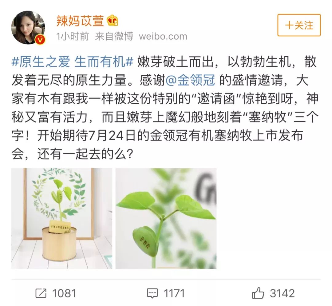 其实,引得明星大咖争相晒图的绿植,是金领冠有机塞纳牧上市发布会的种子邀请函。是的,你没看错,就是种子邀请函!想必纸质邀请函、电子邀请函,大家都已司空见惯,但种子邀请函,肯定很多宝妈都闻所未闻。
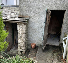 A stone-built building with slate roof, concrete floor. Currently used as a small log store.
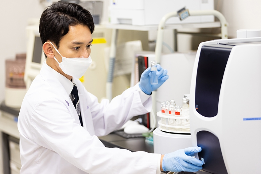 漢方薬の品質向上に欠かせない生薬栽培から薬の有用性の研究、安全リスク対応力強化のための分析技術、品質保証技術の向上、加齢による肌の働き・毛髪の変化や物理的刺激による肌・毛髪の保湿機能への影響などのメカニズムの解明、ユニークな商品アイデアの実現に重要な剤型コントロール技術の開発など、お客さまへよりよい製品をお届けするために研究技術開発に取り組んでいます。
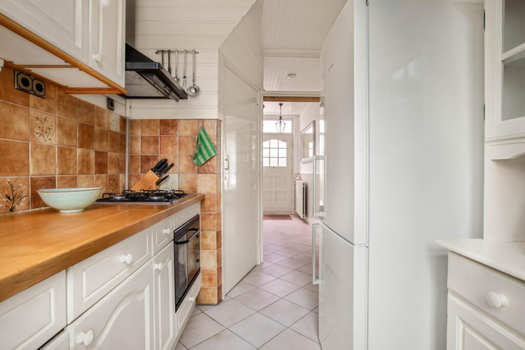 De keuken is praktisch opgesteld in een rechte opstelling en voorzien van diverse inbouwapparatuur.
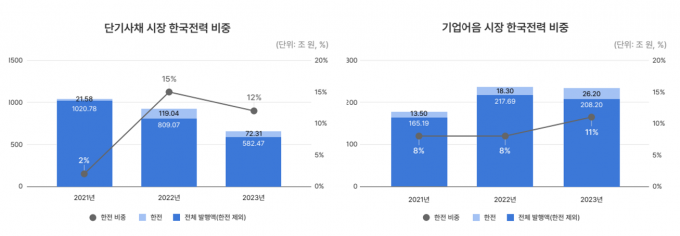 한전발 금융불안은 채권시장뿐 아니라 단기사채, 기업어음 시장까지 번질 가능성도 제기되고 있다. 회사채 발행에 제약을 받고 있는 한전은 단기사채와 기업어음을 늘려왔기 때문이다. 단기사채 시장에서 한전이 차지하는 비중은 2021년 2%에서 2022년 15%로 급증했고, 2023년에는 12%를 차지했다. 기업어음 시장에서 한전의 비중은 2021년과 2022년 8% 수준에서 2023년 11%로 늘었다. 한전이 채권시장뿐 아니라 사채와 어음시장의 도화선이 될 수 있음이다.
—————
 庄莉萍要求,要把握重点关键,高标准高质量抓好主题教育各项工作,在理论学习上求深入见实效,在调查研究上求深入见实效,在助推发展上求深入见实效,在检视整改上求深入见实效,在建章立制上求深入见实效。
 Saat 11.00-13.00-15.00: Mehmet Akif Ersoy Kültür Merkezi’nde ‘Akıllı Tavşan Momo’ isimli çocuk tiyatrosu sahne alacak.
—————
Task objective →
Write down exactly what the lines above say, from the line holding "其实,引得明星大咖争相晒图的" through the line holding "漢方薬の品質向上に欠かせない", and nothing more. Do not copy the pictures.

Response →
 其实,引得明星大咖争相晒图的绿植,是金领冠有机塞纳牧上市发布会的种子邀请函。是的,你没看错,就是种子邀请函!想必纸质邀请函、电子邀请函,大家都已司空见惯,但种子邀请函,肯定很多宝妈都闻所未闻。
 A stone-built building with slate roof, concrete floor. Currently used as a small log store.
 漢方薬の品質向上に欠かせない生薬栽培から薬の有用性の研究、安全リスク対応力強化のための分析技術、品質保証技術の向上、加齢による肌の働き・毛髪の変化や物理的刺激による肌・毛髪の保湿機能への影響などのメカニズムの解明、ユニークな商品アイデアの実現に重要な剤型コントロール技術の開発など、お客さまへよりよい製品をお届けするために研究技術開発に取り組んでいます。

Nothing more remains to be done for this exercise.